Jakarta - Tansformasi digital di lingkungan peradilan menuntut pengelolaan website pengadilan yang profesional, aman, dan mudah diakses oleh masyarakat. Website tidak lagi sekadar menjadi sarana informasi, melainkan juga menjadi wajah institusi peradilan dalam menghadirkan layanan publik yang transparan, akuntabel, dan responsif terhadap kebutuhan masyarakat pencari keadilan.
Dalam rangka mendukung hal tersebut, Direktorat Jenderal Badan Peradilan Umum mengeluarkan surat edaran mengenai pembaruan standarisasi website pengadilan. Kebijakan ini bertujuan menyediakan acuan bagi setiap pengadilan dalam mengembangkan dan mengelola website yang akuntabel, aksesibel, dan efektif, sehingga mampu meningkatkan kepercayaan masyarakat sekaligus memperkuat kualitas layanan peradilan.
Pedoman tersebut menegaskan bahwa pengelolaan website pengadilan harus berlandaskan pada sejumlah prinsip utama. Salah satunya adalah aksesibilitas, yakni memastikan website dapat diakses oleh masyarakat dengan berbagai kondisi jaringan internet maupun perangkat yang digunakan. Standar aksesibilitas internasional seperti pedoman WAI-ARIA dan rekomendasi dari World Wide Web Consortium (W3C) menjadi acuan penting agar situs pengadilan dapat digunakan oleh semua kalangan, termasuk penyandang disabilitas.
Baca Juga: Tips Memilih Klasifikasi Perkara Lingkungan Hidup di SIPP
Penerapan fitur seperti alt text pada gambar, kompatibilitas dengan screen reader, hingga rasio kontras warna yang memadai menjadi bagian dari upaya menghadirkan layanan digital yang inklusif.
Selain itu, informasi yang disajikan pada website pengadilan harus komunikatif, mudah dipahami, serta relevan bagi masyarakat. Struktur menu, navigasi, hingga fitur pencarian dirancang agar pengguna dapat menemukan informasi penting—seperti jadwal sidang, layanan Pelayanan Terpadu Satu Pintu (PTSP), maupun informasi perkara—secara cepat dan sederhana.
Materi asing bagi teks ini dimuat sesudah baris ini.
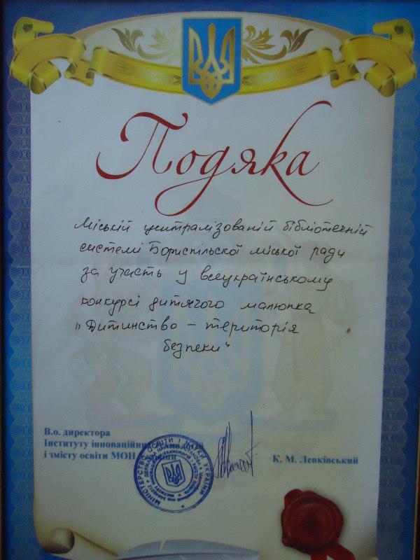 Від Бориспільської МЦБС участь у конкурсі взяла наша читачка Діана Урсан. Малюнок «Нелегальний перетин кордону» виконаний олівцем. Діана отримала Диплом учасника конкурсу, а Бориспільська міська центральна бібліотека – Подяку від Центру соціального лідерства.
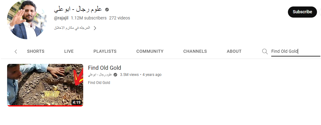 وتنشر القناة فيديوات للعثور على كنوز وذهب.
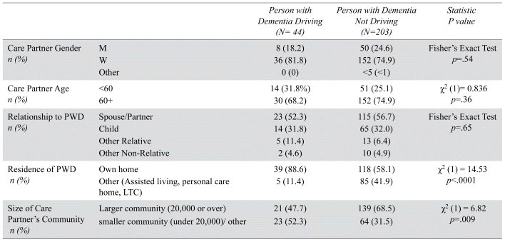 A total of 251 completed surveys were received, including 44 from CPs of current drivers with dementia, and 207 CPs of former drivers with dementia. Most CPs of current and former drivers with dementia were women, aged 60 years or older, and just over half identified as the spouse of the PWD. More CPs of PWD who continued to drive lived in smaller communities (< 20,000 residents) than CPs of former drivers (52.3 vs. 31.5%, p=.01) (Table 1). An equal number of participants reported that the PWD had stopped driving one to three years ago (41.09%) and greater than three years ago (41.09%). Driving cessation had stopped for 16.83% of PWD less than a year ago, and 0.99% indicated they were unsure as to when the PWD stopped driving. Most PWD no longer driving (67.01%) stopped driving either because a physician told them to, they failed a road test, or were required to by the driving regulator.

Prinsip user friendly ini menuntut agar informasi penting dapat diakses hanya dalam dua hingga tiga klik, dengan tata letak yang logis dan konsisten di seluruh halaman website.
Dari sisi tampilan, website pengadilan juga harus mencerminkan profesionalitas lembaga peradilan. Desain visual yang rapi, konsisten, dan estetis diharapkan dapat meningkatkan kenyamanan pengguna dalam menjelajahi informasi yang tersedia.
Pedoman tersebut juga menekankan efisiensi penggunaan media digital. Penggunaan animasi berlebihan, slider berat, maupun file berukuran besar perlu dihindari agar website tetap dapat diakses dengan cepat, termasuk pada kondisi jaringan internet yang terbatas.
Konten yang ditampilkan pada website pengadilan pun harus berorientasi pada pelayanan publik. Selain memuat informasi internal, website diharapkan menyajikan berita kegiatan, inovasi layanan, serta informasi prosedur berperkara yang bermanfaat bagi masyarakat.
Website pengadilan juga diwajibkan menampilkan berbagai kategori informasi publik sesuai ketentuan keterbukaan informasi, antara lain profil pengadilan, prosedur layanan, biaya perkara, statistik perkara, hingga laporan kinerja dan keuangan.
Di sisi lain, aspek keamanan digital menjadi perhatian penting dalam pengelolaan website pengadilan. Penggunaan protokol HTTPS, pembaruan sistem secara berkala, serta perlindungan terhadap berbagai potensi serangan siber seperti SQL Injection, Cross-Site Scripting, dan brute force attack menjadi bagian dari standar keamanan yang harus diterapkan.
Pengelola website juga diwajibkan melakukan pencadangan data (backup) secara rutin serta menerapkan kontrol akses administrator yang ketat guna menjaga integritas data dan keberlangsungan layanan informasi.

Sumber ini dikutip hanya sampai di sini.